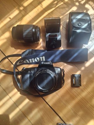 Canon en perfecto estado con todos los complementos, incluso un carrete listo para usar. Incluye 2 objetivos , flash y pila recargable. También bolsa. Precio negociable.
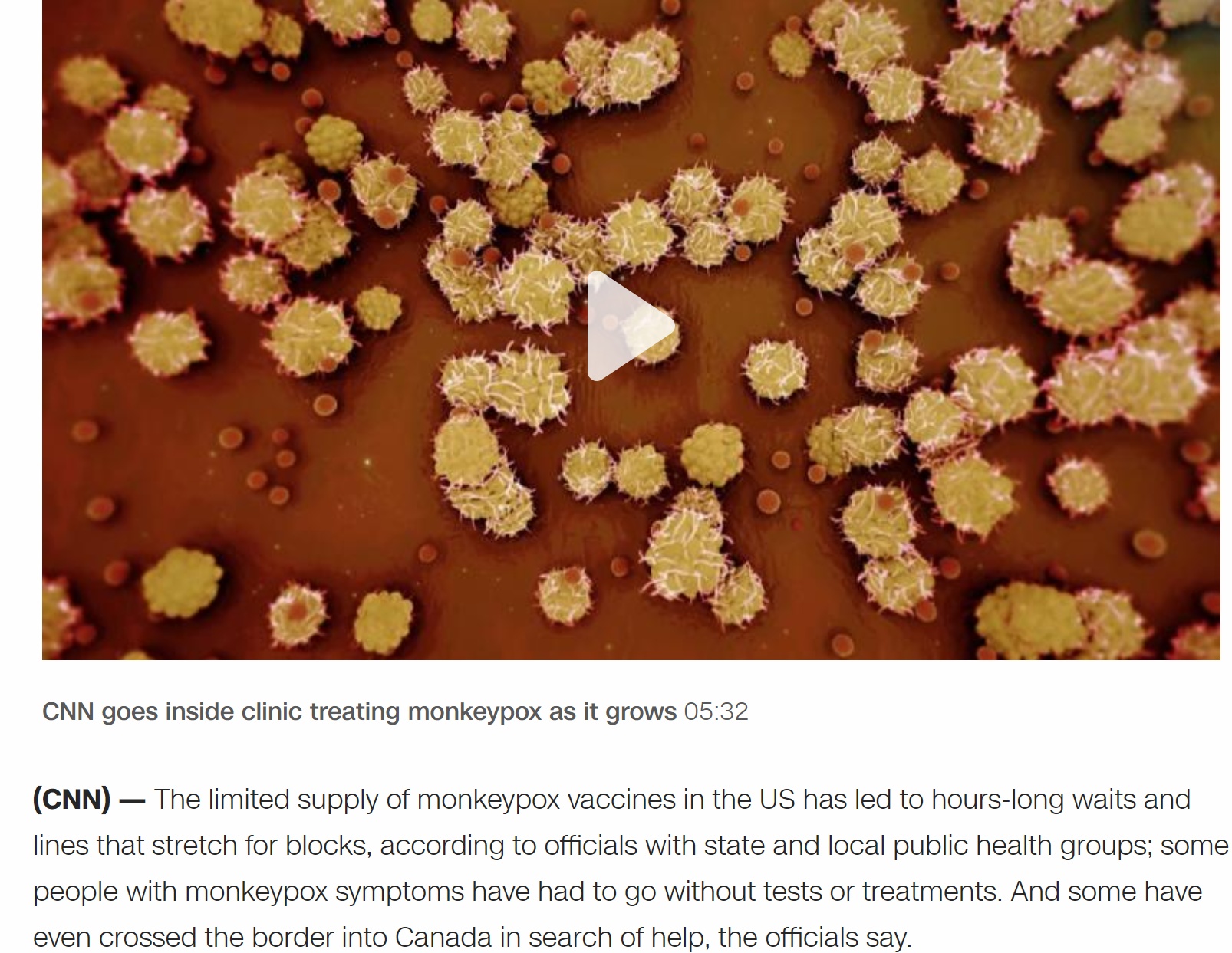 據(jù)美國有線電視新聞網(wǎng)報(bào)道,一些出現(xiàn)猴痘癥狀、疑似感染猴痘的民眾無處做檢測、無處治療,感到自己“被政府拋棄了”。其中一些人不得不赴加拿大尋求醫(yī)治。
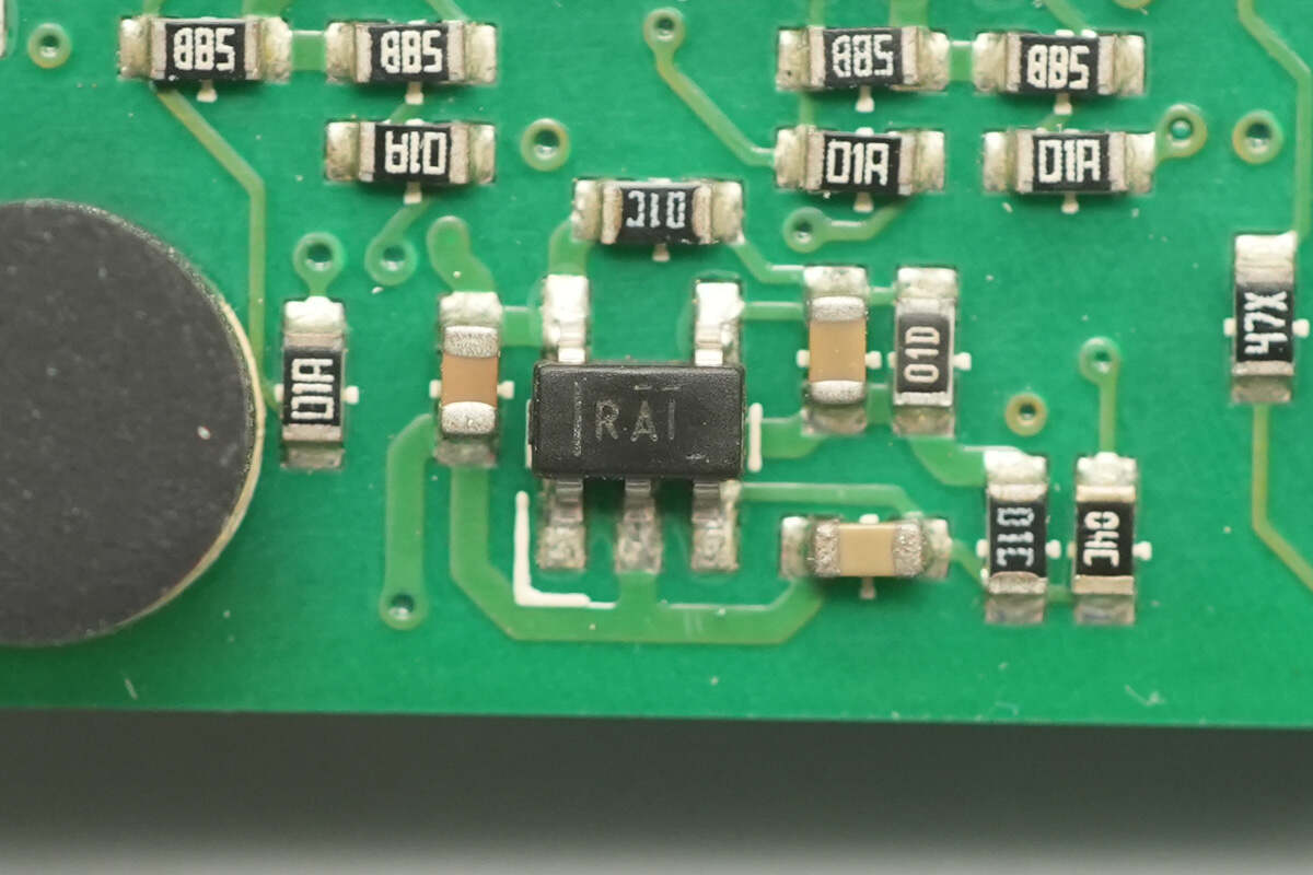 电压比较器来自德州仪器,丝印RAI,型号TLV3201,为高速单路推挽比较器,采用SOT23封装。

PROMPT: Return the whole listing word for word. Pictures stay out of it.

ANSWER BELOW:
 Canon en perfecto estado con todos los complementos, incluso un carrete listo para usar. Incluye 2 objetivos , flash y pila recargable. También bolsa. Precio negociable.
 據(jù)美國有線電視新聞網(wǎng)報(bào)道,一些出現(xiàn)猴痘癥狀、疑似感染猴痘的民眾無處做檢測、無處治療,感到自己“被政府拋棄了”。其中一些人不得不赴加拿大尋求醫(yī)治。
 电压比较器来自德州仪器,丝印RAI,型号TLV3201,为高速单路推挽比较器,采用SOT23封装。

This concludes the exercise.